Kevin Lee- The New Online Marketing
 
Twitter - Measuring Reach and Engagement
Twitter - Measuring Reach and EngagementTwitter - Measuring Reach and Engagement
Twitter - Measuring Reach and Engagement
 
Beyond Hashtags: Collecting and Analysing Conversations on Twitter
Beyond Hashtags: Collecting and Analysing Conversations on TwitterBeyond Hashtags: Collecting and Analysing Conversations on Twitter
Beyond Hashtags: Collecting and Analysing Conversations on Twitter
 
Make the Most of Your Station's Facebook and Twitter Pages
Make the Most of Your Station's Facebook and Twitter PagesMake the Most of Your Station's Facebook and Twitter Pages
Make the Most of Your Station's Facebook and Twitter Pages
 
TaaS Workshop 2014, Terminology Trends- First-hand Experience as a Blogger, M...

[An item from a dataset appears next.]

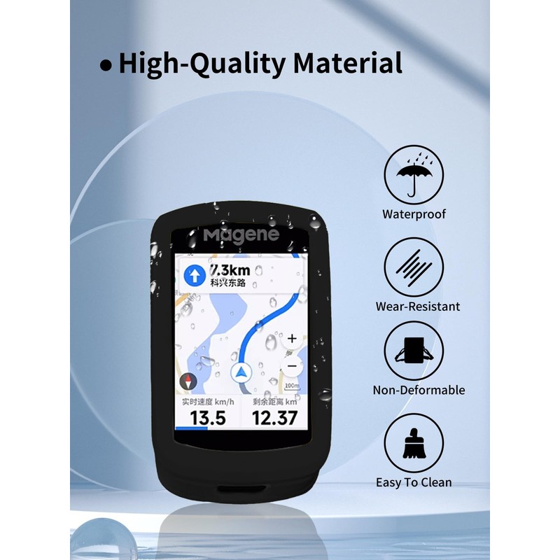 Case for Magene C606 Cycling Computer, Sillence Material,Shock-Absorbing and Anti Drop Protection Soft Half Shell,with Screen Protector,Black.
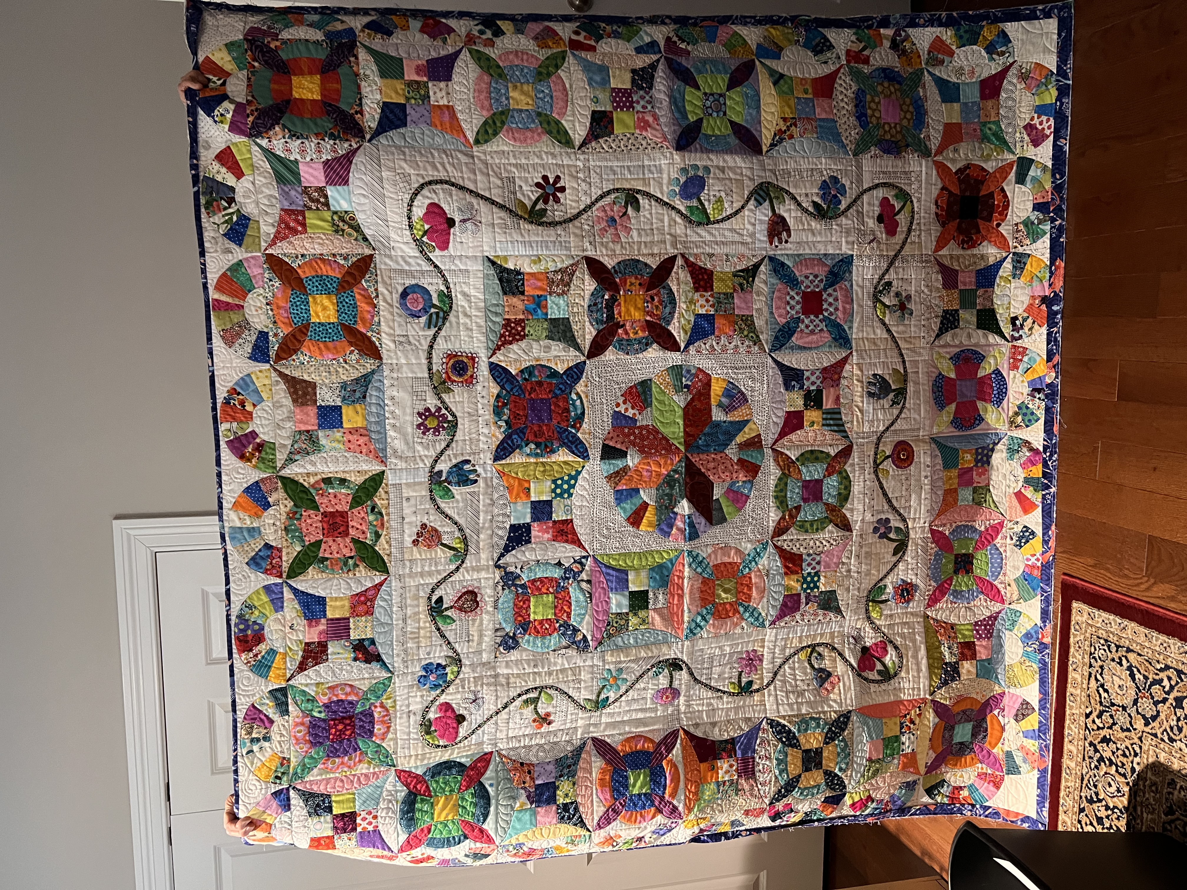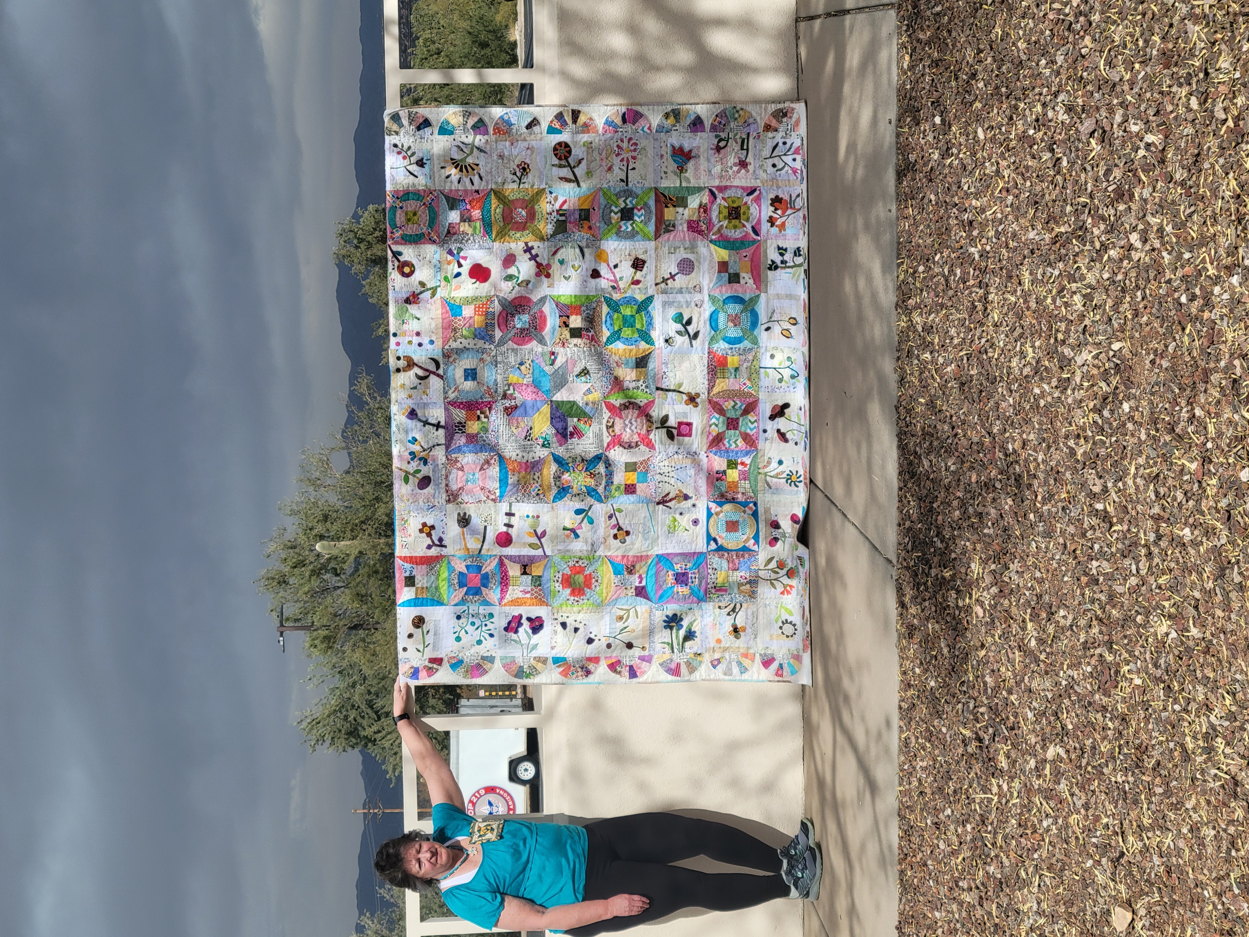 Well, here it is, the end of 2022, and I finally have finished my 2021 BOM quilt! I apologize that the photo is not centered....

TaaS Workshop 2014, Terminology Trends- First-hand Experience as a Blogger, M...TaaS Workshop 2014, Terminology Trends- First-hand Experience as a Blogger, M...
TaaS Workshop 2014, Terminology Trends- First-hand Experience as a Blogger, M...
 
Citation Management
Citation ManagementCitation Management
Citation Management
 
Unsexy, compliant and boring? The 5 missed opportunities of B2B content marke...
Unsexy, compliant and boring? The 5 missed opportunities of B2B content marke...Unsexy, compliant and boring? The 5 missed opportunities of B2B content marke...
Unsexy, compliant and boring? The 5 missed opportunities of B2B content marke...
 
BEST PRACTICE: Unsexy, compliant and boring? 5 missed opportunities of b2b co...
BEST PRACTICE: Unsexy, compliant and boring? 5 missed opportunities of b2b co...BEST PRACTICE: Unsexy, compliant and boring? 5 missed opportunities of b2b co...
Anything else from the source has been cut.